## Exercise details
The expected response is the complete listing below, restated exactly, with its pictures omitted.

## Dataset extract
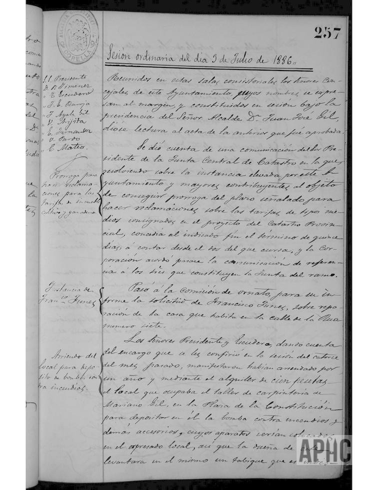 Se arrienda local para el depósito de las bombas contra incendios, en la Plaza de la Constitución, en local que ocupaba la carpintería de Mariano Gil. El concejal Valentín Arigita, informa que ya están finalizadas las obras de conducción de las aguas de la fuente del “Buen Deseo”, al lavadero público.
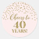 Pegatina Redonda Saludos a 40 años Confeti de oro rosado de cumplea
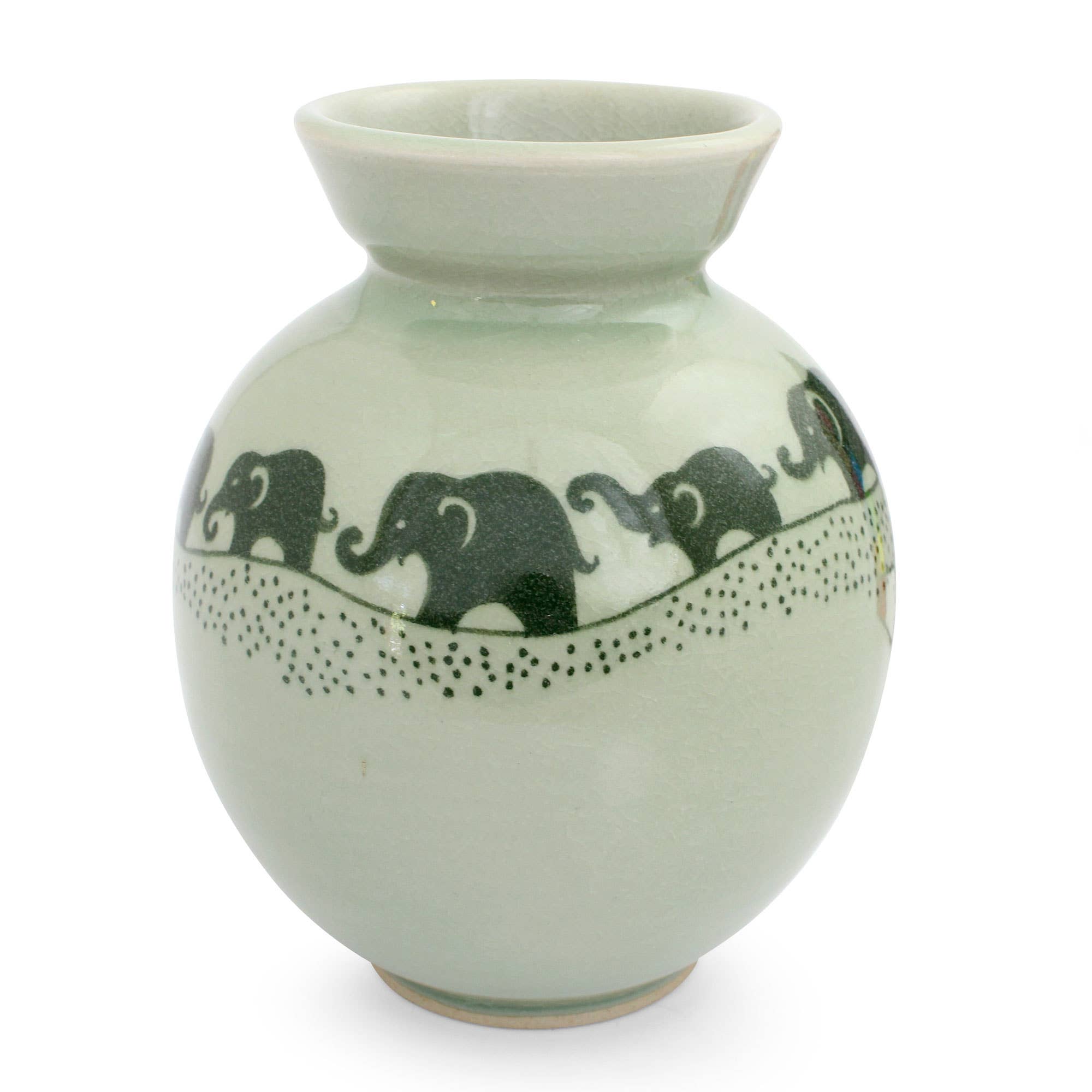 Porcelain vase with handles. Tan with elephant design painted in dark blue.

## Task result
 Se arrienda local para el depósito de las bombas contra incendios, en la Plaza de la Constitución, en local que ocupaba la carpintería de Mariano Gil. El concejal Valentín Arigita, informa que ya están finalizadas las obras de conducción de las aguas de la fuente del “Buen Deseo”, al lavadero público.
 Pegatina Redonda Saludos a 40 años Confeti de oro rosado de cumplea
 Porcelain vase with handles. Tan with elephant design painted in dark blue.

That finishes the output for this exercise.